▶ Task brief
Without any pictures, print exactly the lines that run from the start of the data through the line containing "Interesting. I don't".

════════════════

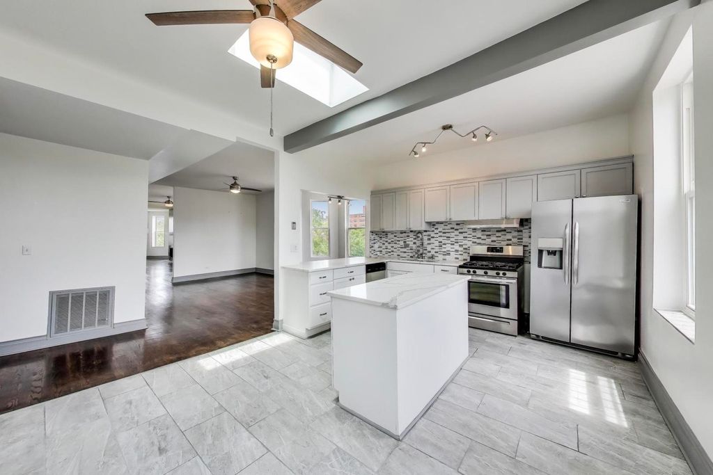 Move in this Fall! Beautifully updated 4 bedroom 4 bathroom 2,400+ square foot penthouse condo in PRIME Bronzeville featuring a living room and dining room, a gas fireplace in the living room, an open floor plan, skylights, hardwood floors, remodeled eat-in kitchen with island, granite countertops, white and grey cabinets and stainless steel appliances, an in-unit washer and dryer and two primary suites with their own en suite baths! There is a 1-car garage parking space in the rear, a nice sized rear deck for entertaining and assigned storage in the basement. This building has low assessments! Within short driving or walking distance to the 51st Street Green Line, Washington Park, Providence Hospital, U of C, Bronzeville Academy Charter School, parks, located within two blocks of the New Northwestern Medicine Bronzeville Outpatient Center, and the expressway.
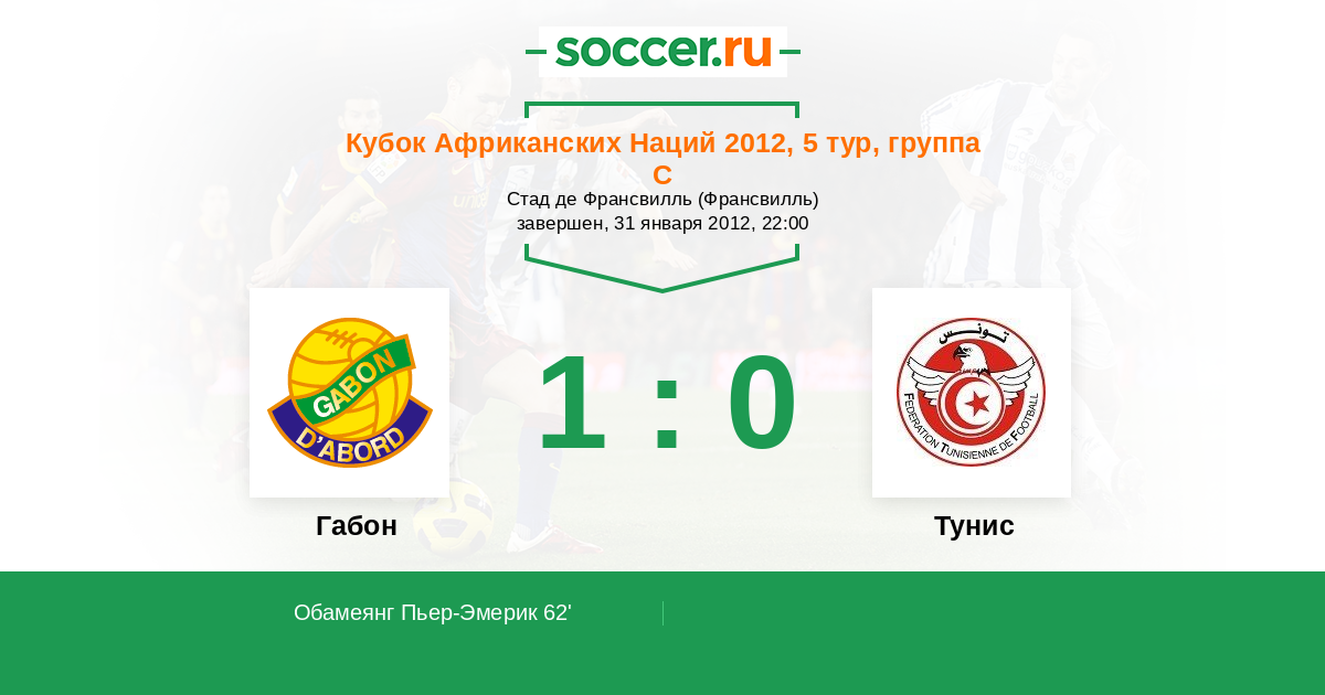 Протокол матча Габон против Тунис
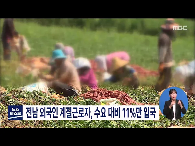 최근 5년동안 전남지역 농어촌 부족한 일손을 도울 외국인 계절근로자 입국자 수가 실수요 대비 11% 수준에 불과한 것으로 나타났습니다. 국민의힘 노용호 국회의원에 따르면 2017년부터 올해 7월까지 전라남도가 법무부에 신청한 외국인 계절근로자는 5107명이었지만 입국자는 580명으로 지자체가 필요하다고 본 외국인 계...
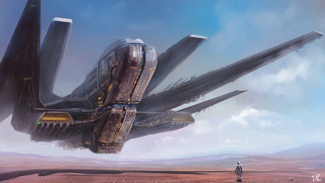 Interesting. I don't know if the planet has a hostile environment or is/was a war zone. The ship isn't all that big; probably a scout craft of some sort. It isn't streamlined, but the folding "wings" suggest it is meant for landings and exploration. Very pleasing picture and thought-provoking as well. Good stuff.
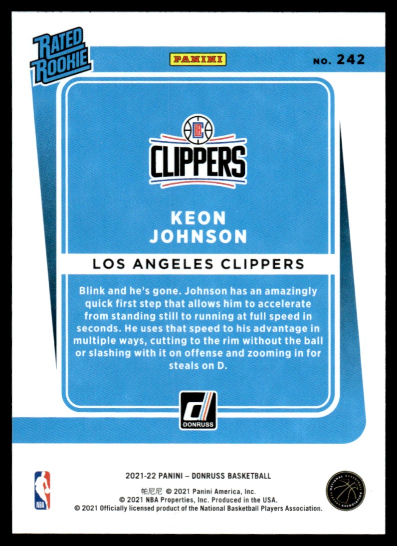 | 2021-22 Donruss Rated Rookie Keon Johnson Rookie Los Angeles Clippers #242 |
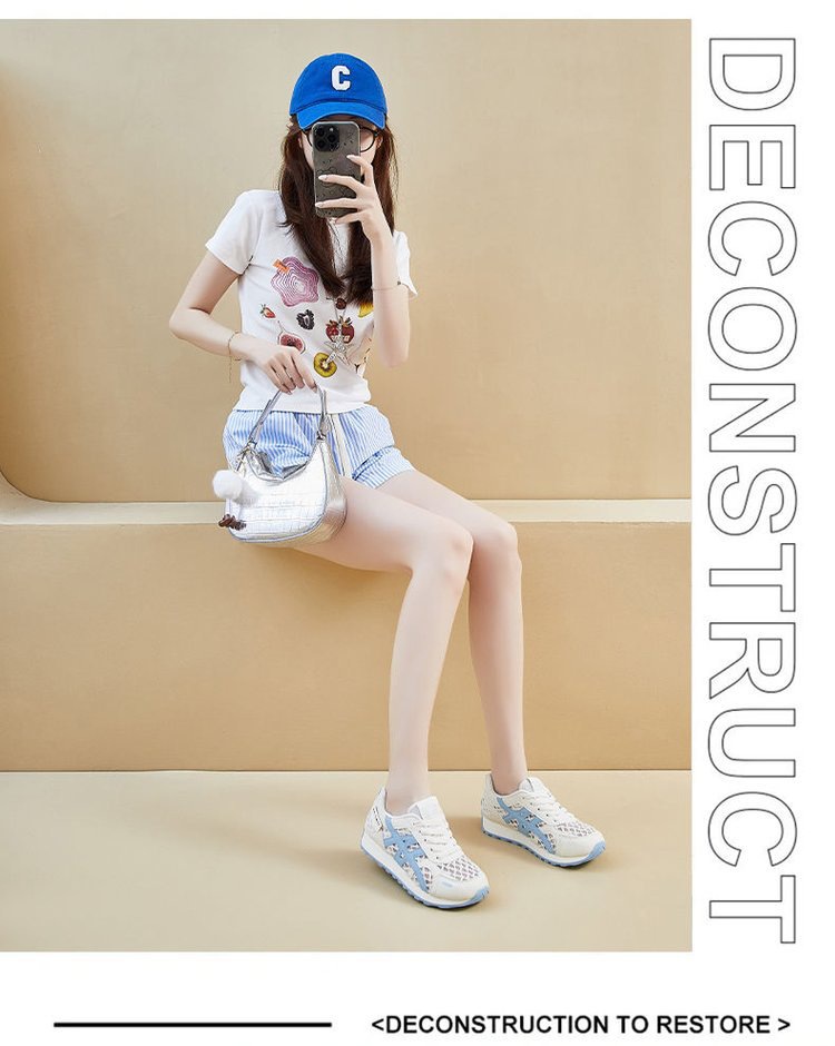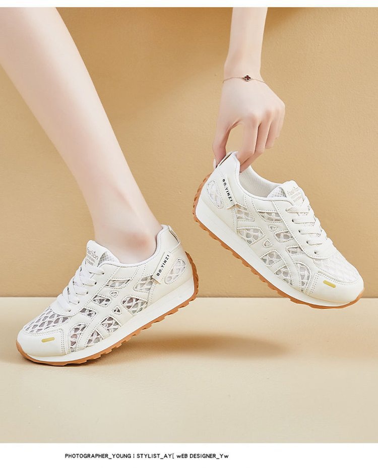 여성을위한 메쉬 통기성 스포츠 신발 2025 새로운 여름 중공 흰색 육군 훈련 신발 다목적 캐주얼 러닝 메쉬 신발스토어 가기
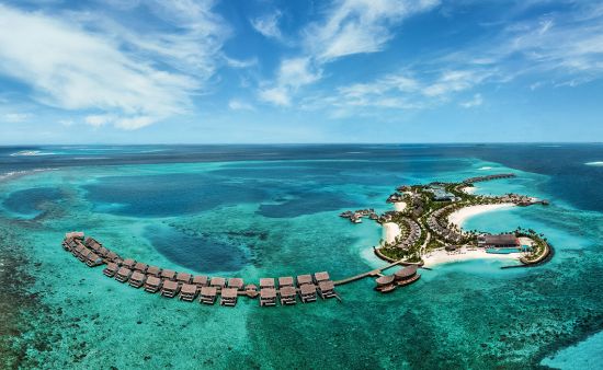 Es gibt 1.200 Malediven-Inseln, die meisten davon sind unberührt. Nur knapp 200 sind bewohnt, entweder von der einheimischen Bevölkerung oder von Urlaubsgästen, die hier ihren Südseetraum ausleben, obwohl sie nicht in der Südsee sind. Die ist viel weiter weg, aber optisch vergleichbar: Beim Anflug aus der Luft wirkt es, als habe Frau Holle ihr Kissen geschüttelt, nur dass anstelle von Federn Inseln in die Tiefe fielen. Dort schwimmen sie nun im türkisblauen Indischen Ozean. Ihr Kern ist dschungelgrün, ihre Ränder sind sandweiß und an langen Stegen, die wie schlanke Insektenbeine über das Wasser führen, reihen sich Häuschen, die sich aus der Nähe betrachtet als meist luxuriöse, großzügige Gäste-Bungalows entpuppen. In der Regel gilt: eine Insel, ein Hotel. In vielen davon wird Privacy zelebriert, in anderen auch öfter gefeiert. Breit gefächerte Wassersportmöglichkeiten, schöne Spas und diverse Restaurants bieten Abwechslung – doch eigentlich braucht man sie nicht. Die Aussicht von der eigenen Terrasse auf das Meer und die Privatleiter ins Wasser reichen, um wunschlos glücklich zu sein. So kommen Freunde ungestörter Einsamkeit ebenso auf ihre Kosten wie all jene, die Unterhaltung, Sport, Gourmet-Dining und Luxus suchen.
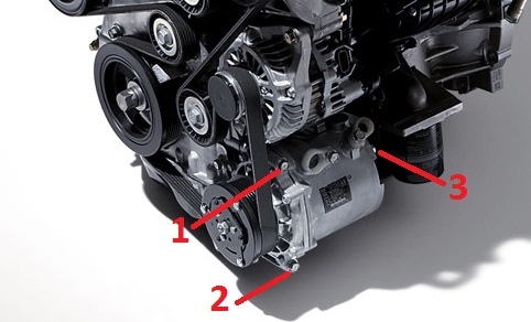 5. (для двигателя 4B12) Головкой на 12 мм ослабьте болты крепления компрессора кондиционера и электромагнитной муфты в сборе в последовательности, указанной на рисунке ниже (для наглядности показано на снятом двигателе).
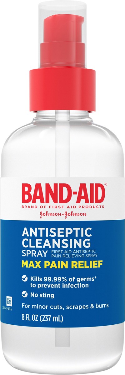 Band-Aid Brand Pain Relieving Antiseptic Cleansing Spray helps clean and relieve the pain of minor cuts\, burns\, and scrapes. Formulated with the topical analgesic pramoxine HCl\, this pain relieving…
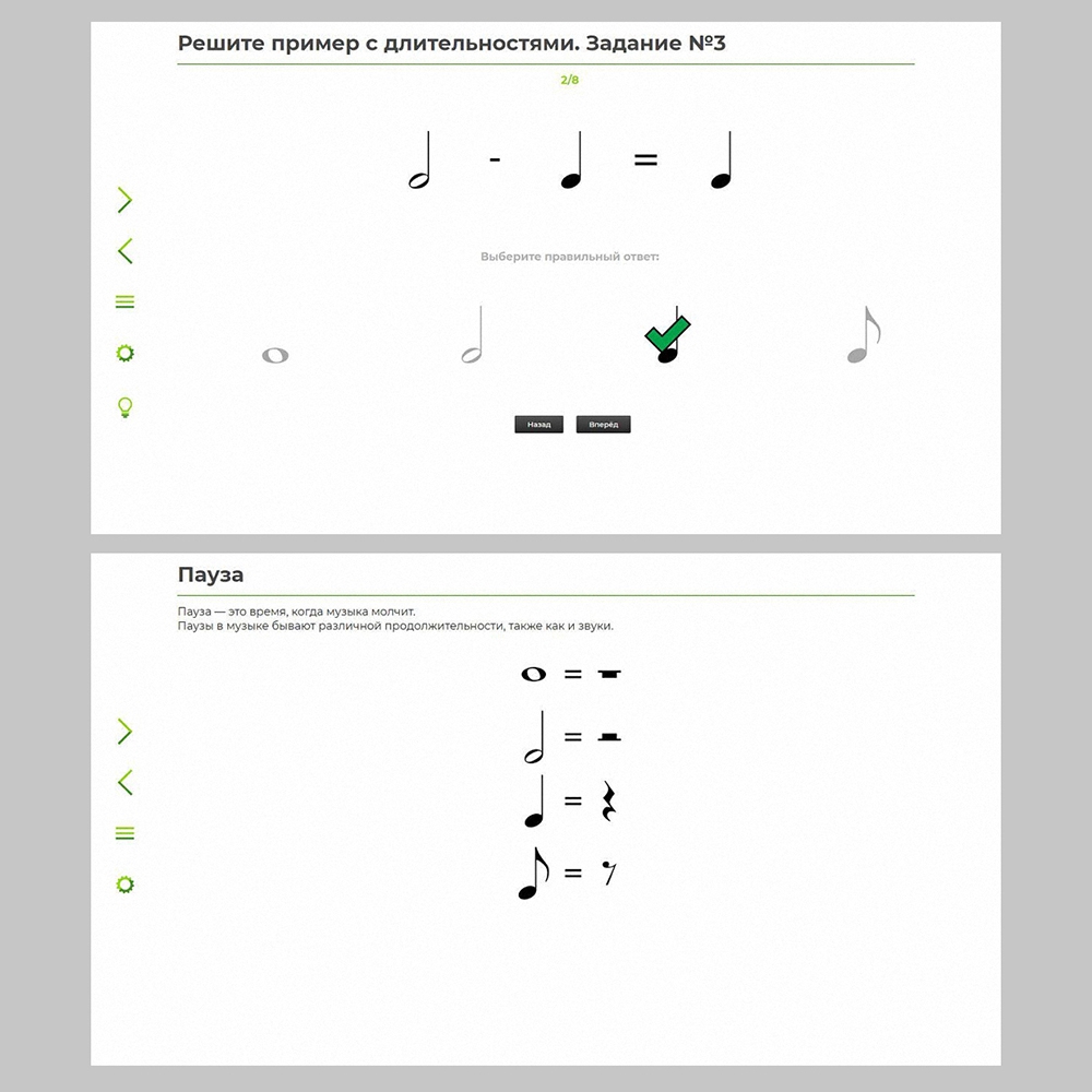 - обучающий материал (тексты, ноты, иллюстрации, аудио- и видеофрагменты);
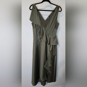 Lauren Ralph Lauren Olive Green Ruffle Midi Dress Size 14
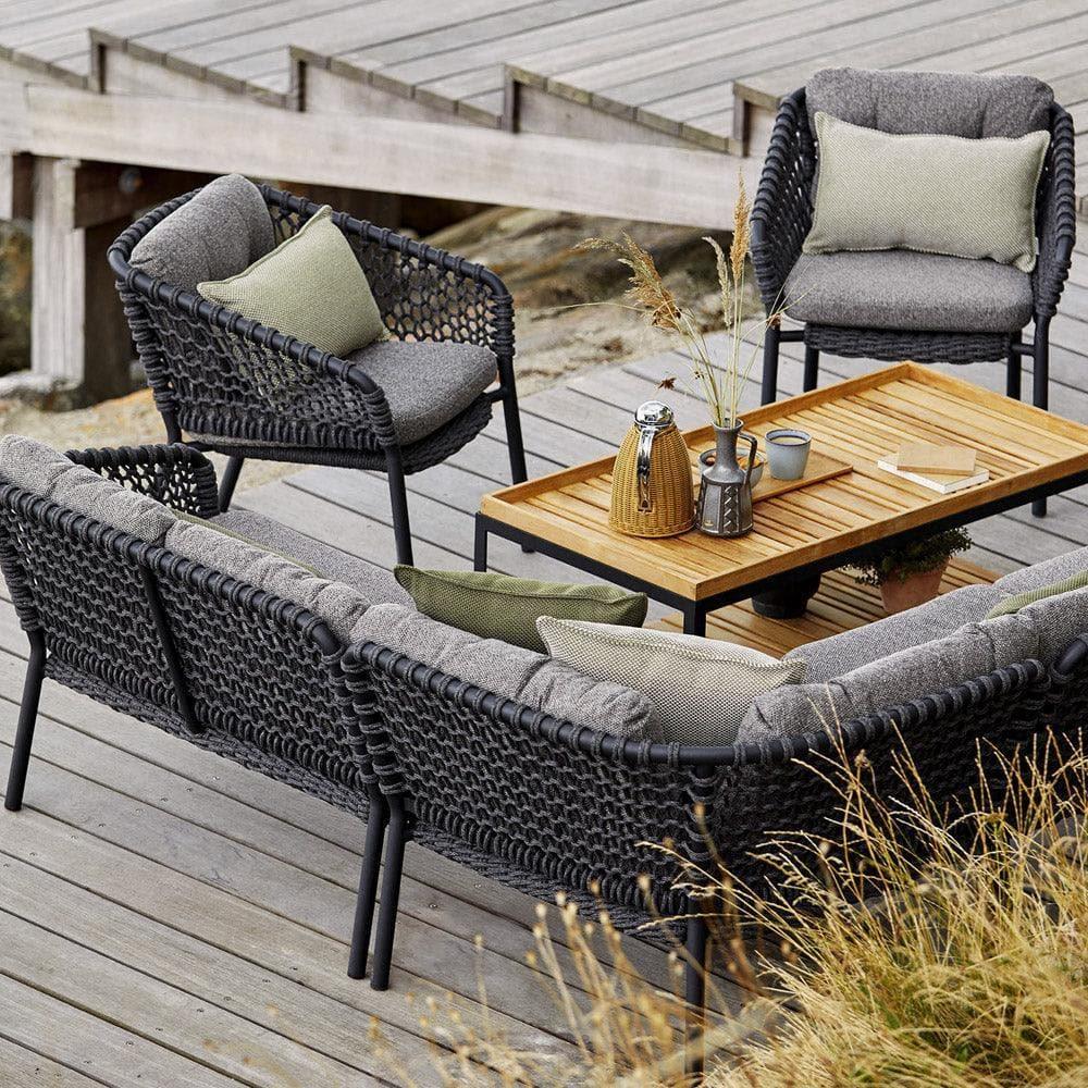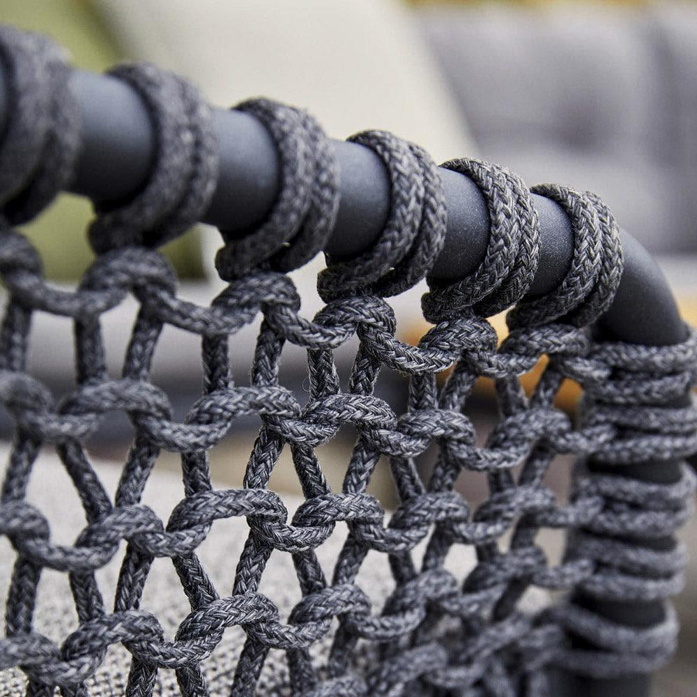 Le tissu Rope s'étend en un motif à grosses mailles autour du cadre en aluminium avec un revêtement en poudre appliqué de manière particulièrement régulière : de cette manière, Cane-Line crée un design filigrane à travers lequel vous pouvez voir et qui s'adapte ainsi parfaitement à la plupart des styles d'aménagement et de vie.

════════════════

▶ Written response
 Move in this Fall! Beautifully updated 4 bedroom 4 bathroom 2,400+ square foot penthouse condo in PRIME Bronzeville featuring a living room and dining room, a gas fireplace in the living room, an open floor plan, skylights, hardwood floors, remodeled eat-in kitchen with island, granite countertops, white and grey cabinets and stainless steel appliances, an in-unit washer and dryer and two primary suites with their own en suite baths! There is a 1-car garage parking space in the rear, a nice sized rear deck for entertaining and assigned storage in the basement. This building has low assessments! Within short driving or walking distance to the 51st Street Green Line, Washington Park, Providence Hospital, U of C, Bronzeville Academy Charter School, parks, located within two blocks of the New Northwestern Medicine Bronzeville Outpatient Center, and the expressway.
 Протокол матча Габон против Тунис
 최근 5년동안 전남지역 농어촌 부족한 일손을 도울 외국인 계절근로자 입국자 수가 실수요 대비 11% 수준에 불과한 것으로 나타났습니다. 국민의힘 노용호 국회의원에 따르면 2017년부터 올해 7월까지 전라남도가 법무부에 신청한 외국인 계절근로자는 5107명이었지만 입국자는 580명으로 지자체가 필요하다고 본 외국인 계...
 Interesting. I don't know if the planet has a hostile environment or is/was a war zone. The ship isn't all that big; probably a scout craft of some sort. It isn't streamlined, but the folding "wings" suggest it is meant for landings and exploration. Very pleasing picture and thought-provoking as well. Good stuff.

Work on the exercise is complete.